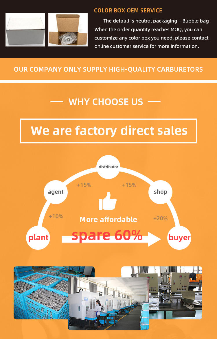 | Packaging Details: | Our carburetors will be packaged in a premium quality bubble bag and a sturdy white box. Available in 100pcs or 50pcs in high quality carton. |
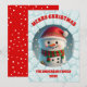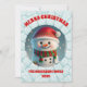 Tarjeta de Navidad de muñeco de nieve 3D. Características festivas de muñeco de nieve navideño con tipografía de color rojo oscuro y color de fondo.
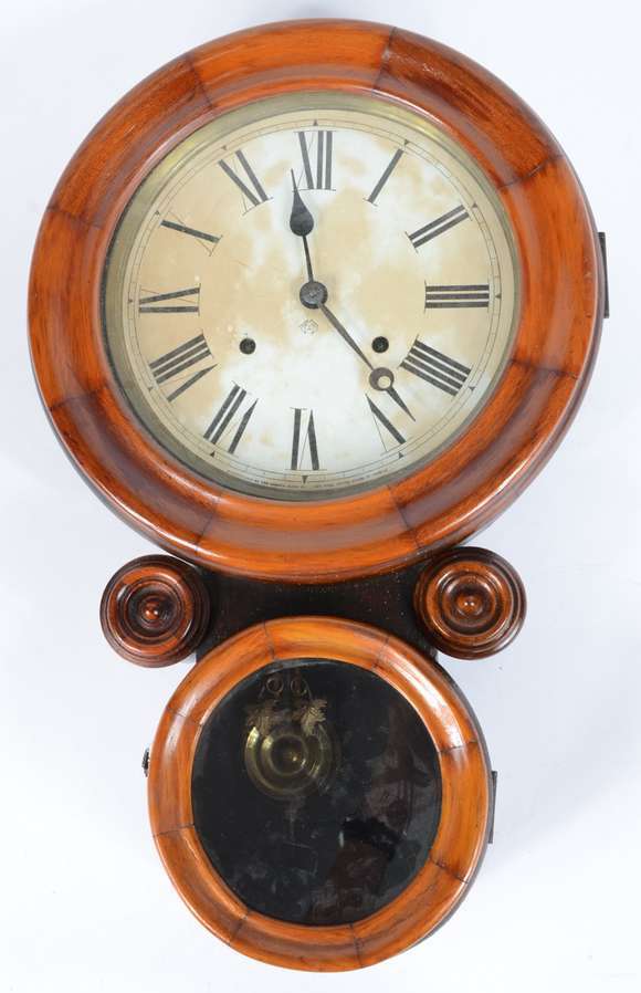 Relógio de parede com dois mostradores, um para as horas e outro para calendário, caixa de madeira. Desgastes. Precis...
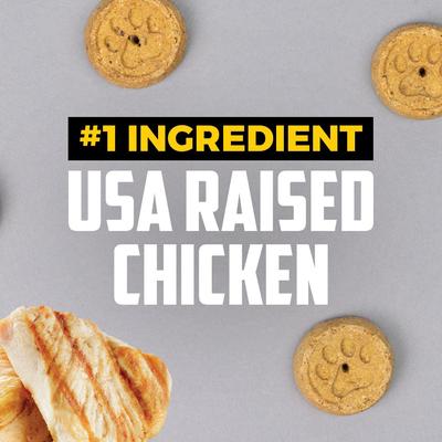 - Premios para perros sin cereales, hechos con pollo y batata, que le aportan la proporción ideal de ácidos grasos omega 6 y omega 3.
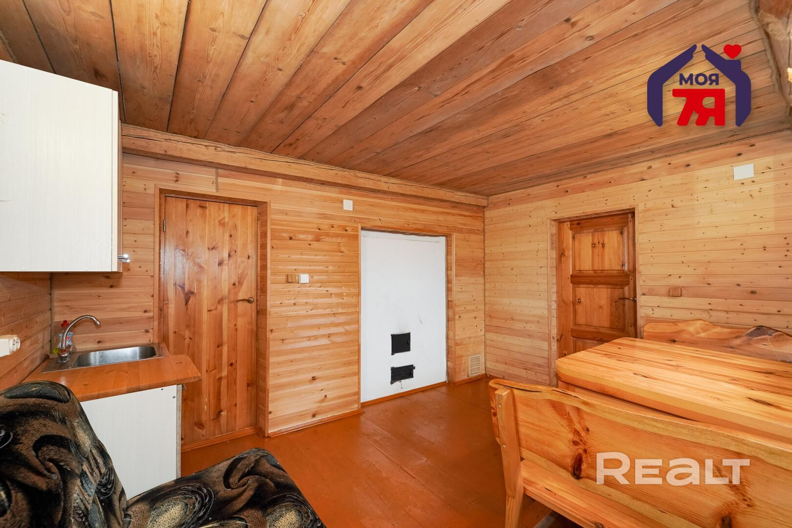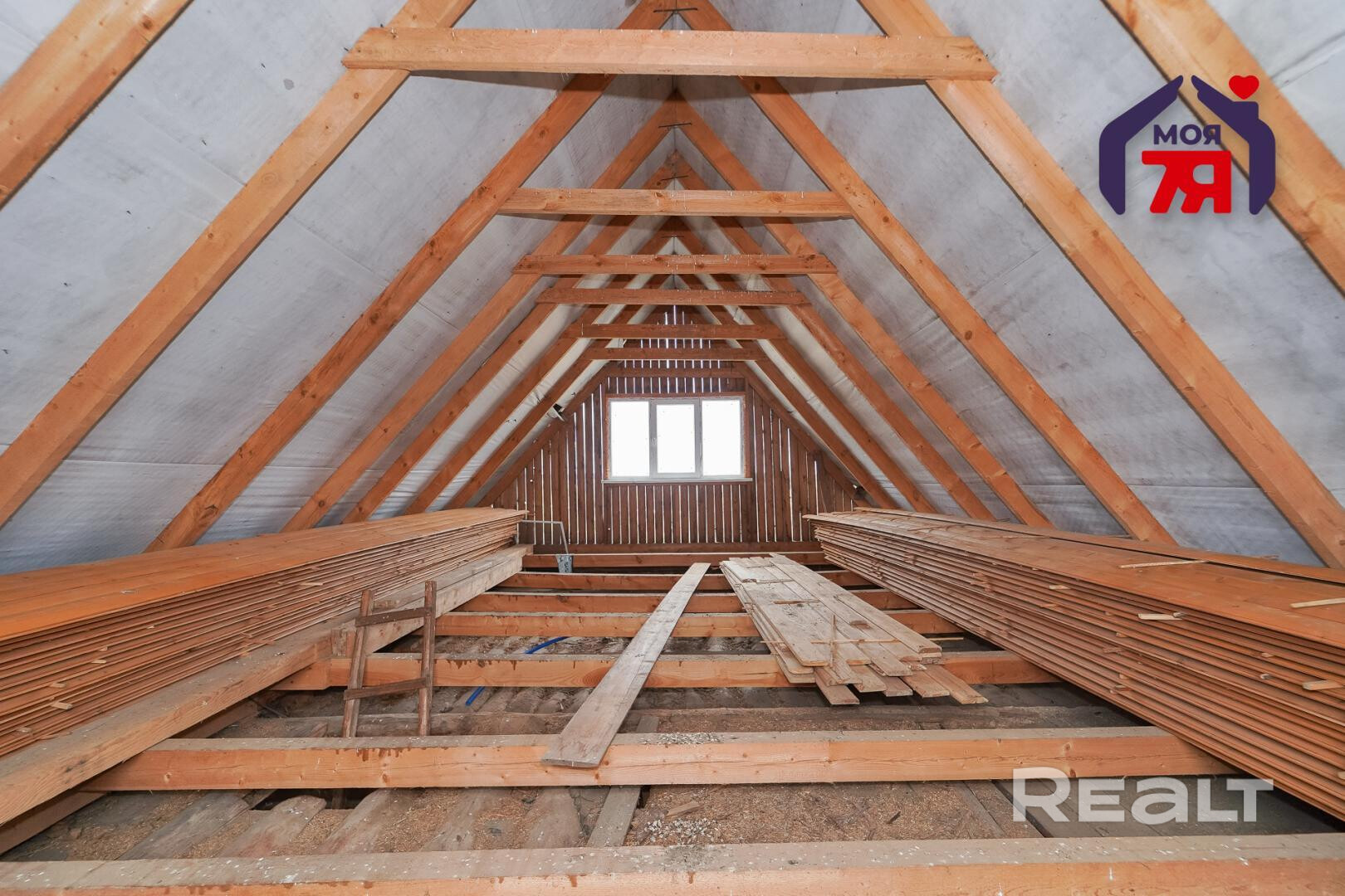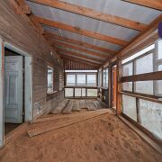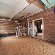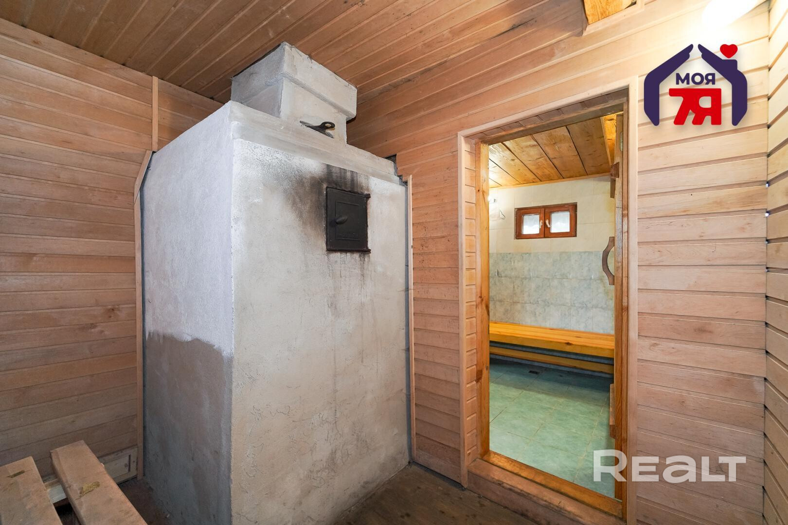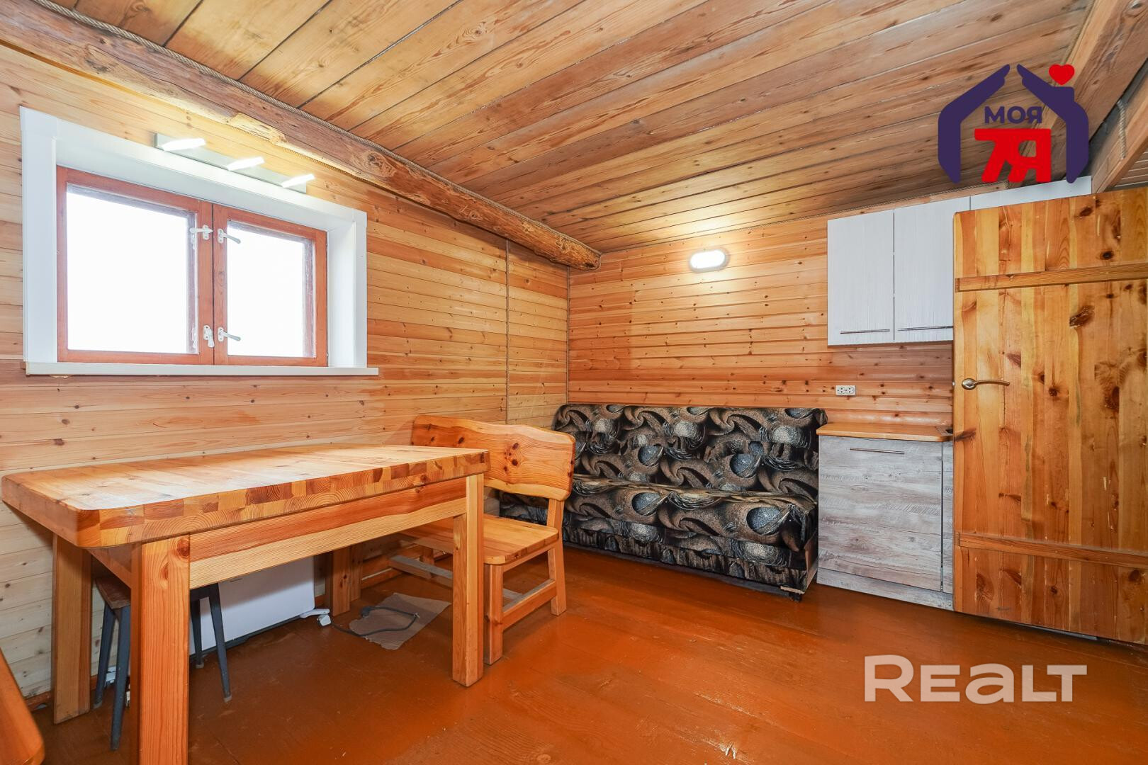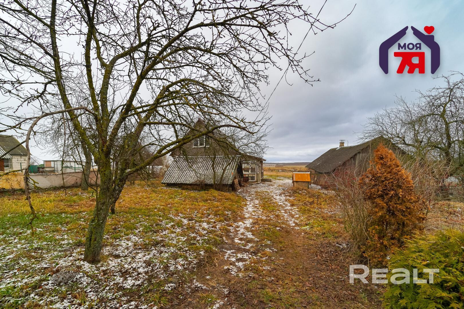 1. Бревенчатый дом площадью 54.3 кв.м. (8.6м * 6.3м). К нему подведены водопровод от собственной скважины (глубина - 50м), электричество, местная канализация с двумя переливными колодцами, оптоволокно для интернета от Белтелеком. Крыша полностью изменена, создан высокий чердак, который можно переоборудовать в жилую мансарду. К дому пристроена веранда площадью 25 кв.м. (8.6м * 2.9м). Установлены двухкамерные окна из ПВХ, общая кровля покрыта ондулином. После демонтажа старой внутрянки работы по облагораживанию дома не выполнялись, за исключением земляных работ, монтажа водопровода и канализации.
**********
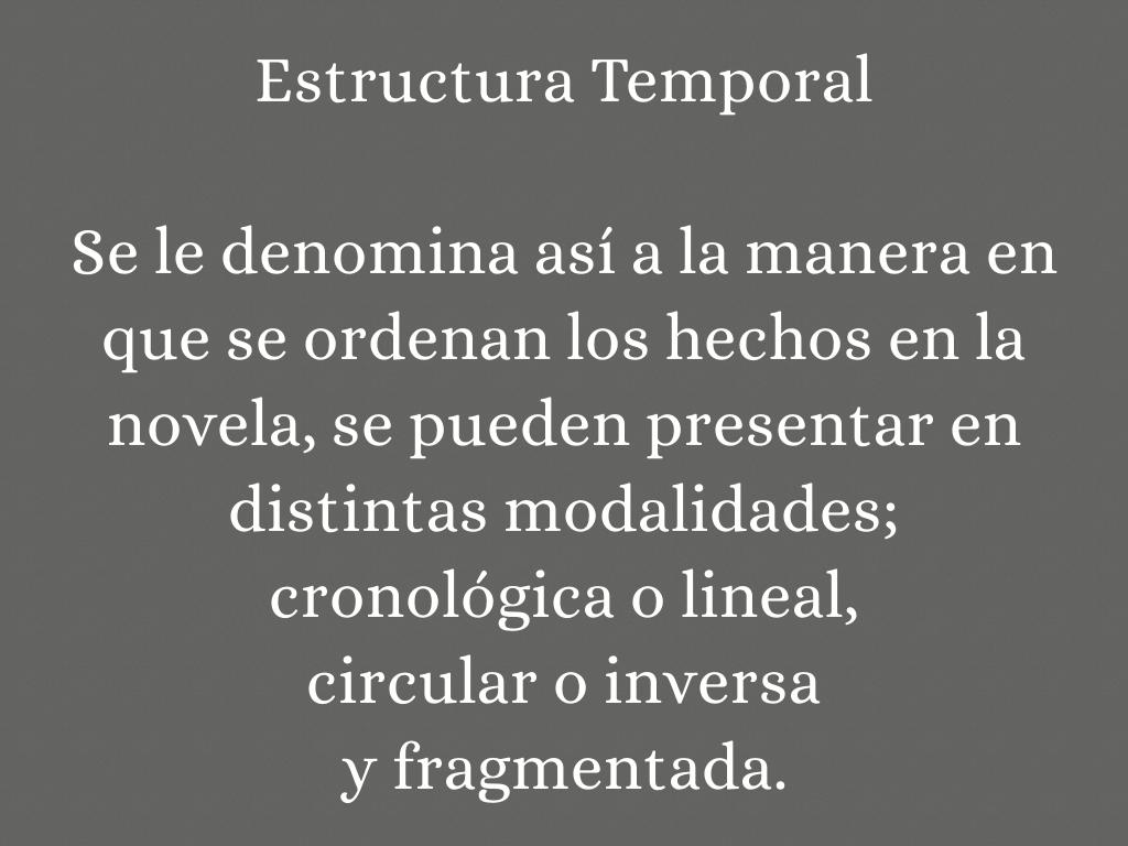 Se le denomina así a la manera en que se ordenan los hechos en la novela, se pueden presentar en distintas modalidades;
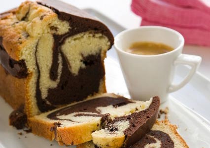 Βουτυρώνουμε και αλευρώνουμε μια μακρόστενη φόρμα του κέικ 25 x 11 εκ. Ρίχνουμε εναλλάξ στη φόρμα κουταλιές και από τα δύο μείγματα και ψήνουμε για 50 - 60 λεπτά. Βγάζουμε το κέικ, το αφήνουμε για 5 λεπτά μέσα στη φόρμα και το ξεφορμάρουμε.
**********
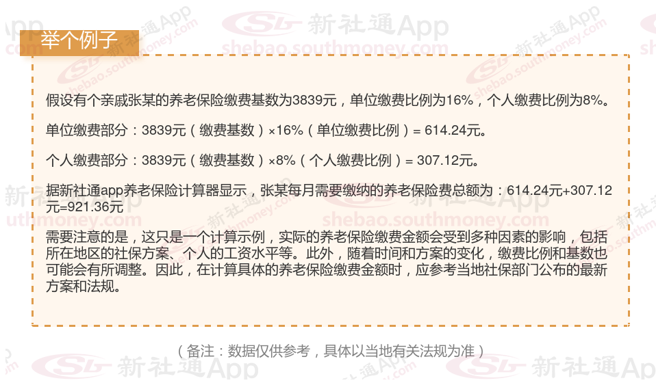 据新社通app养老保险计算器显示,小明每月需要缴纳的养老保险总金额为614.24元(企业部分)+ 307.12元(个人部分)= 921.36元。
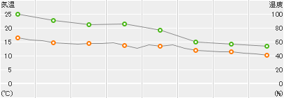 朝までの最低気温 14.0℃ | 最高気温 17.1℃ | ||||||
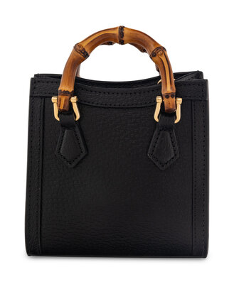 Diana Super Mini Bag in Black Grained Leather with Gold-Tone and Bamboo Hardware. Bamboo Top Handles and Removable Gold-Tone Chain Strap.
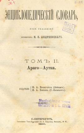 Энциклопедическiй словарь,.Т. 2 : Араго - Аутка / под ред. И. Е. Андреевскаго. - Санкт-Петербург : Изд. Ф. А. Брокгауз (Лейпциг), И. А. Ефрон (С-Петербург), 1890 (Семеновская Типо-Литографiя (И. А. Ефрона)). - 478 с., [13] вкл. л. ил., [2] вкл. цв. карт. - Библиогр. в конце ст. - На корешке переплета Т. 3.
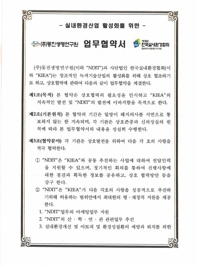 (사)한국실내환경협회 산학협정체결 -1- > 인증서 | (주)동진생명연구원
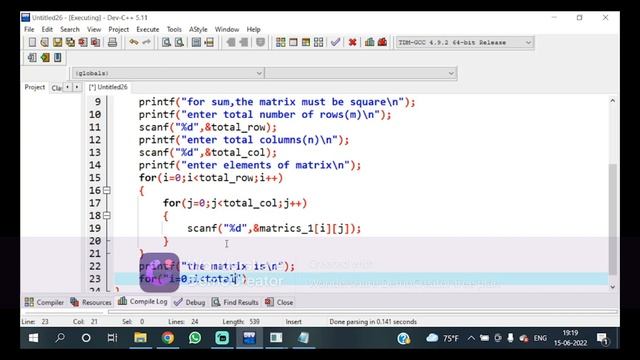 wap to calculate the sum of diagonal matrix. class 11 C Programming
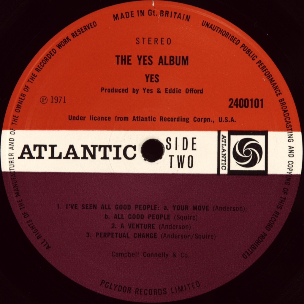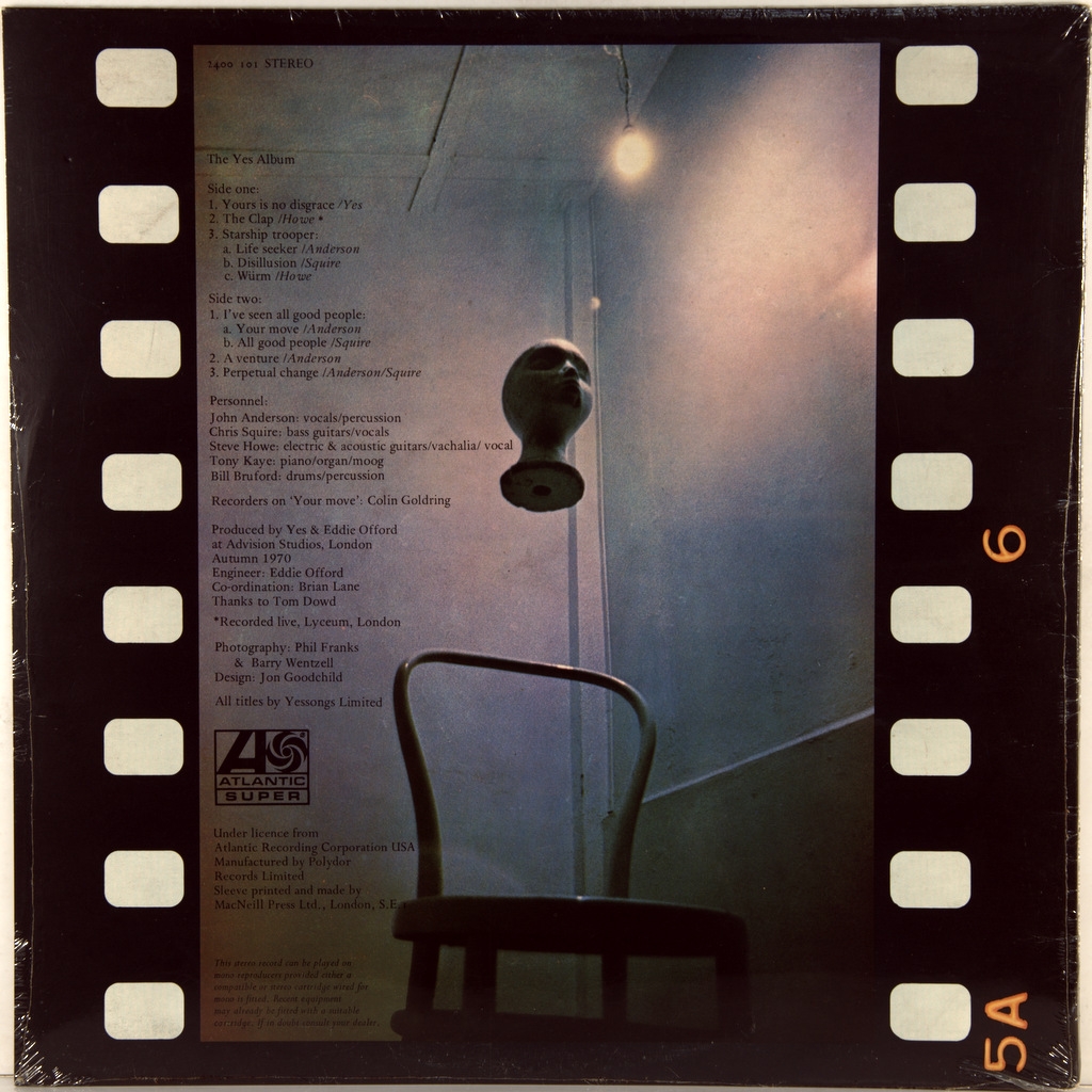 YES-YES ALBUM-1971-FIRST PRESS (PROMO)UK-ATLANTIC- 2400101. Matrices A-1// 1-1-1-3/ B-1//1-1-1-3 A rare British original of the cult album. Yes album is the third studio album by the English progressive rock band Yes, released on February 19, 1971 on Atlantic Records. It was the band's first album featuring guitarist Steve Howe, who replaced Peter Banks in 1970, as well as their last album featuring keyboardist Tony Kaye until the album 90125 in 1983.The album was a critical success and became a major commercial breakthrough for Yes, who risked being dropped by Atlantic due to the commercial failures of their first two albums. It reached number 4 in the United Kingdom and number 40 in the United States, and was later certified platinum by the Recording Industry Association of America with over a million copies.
**********
## WORK REQUEST
Although the records above contain pictures, the copy should not; retype exactly the lines from the one containing "Tarjeta de Navidad" through the one containing "- Premios para".

## WRITTEN SOLUTION
 Tarjeta de Navidad de muñeco de nieve 3D. Características festivas de muñeco de nieve navideño con tipografía de color rojo oscuro y color de fondo.
 Relógio de parede com dois mostradores, um para as horas e outro para calendário, caixa de madeira. Desgastes. Precis...
 - Premios para perros sin cereales, hechos con pollo y batata, que le aportan la proporción ideal de ácidos grasos omega 6 y omega 3.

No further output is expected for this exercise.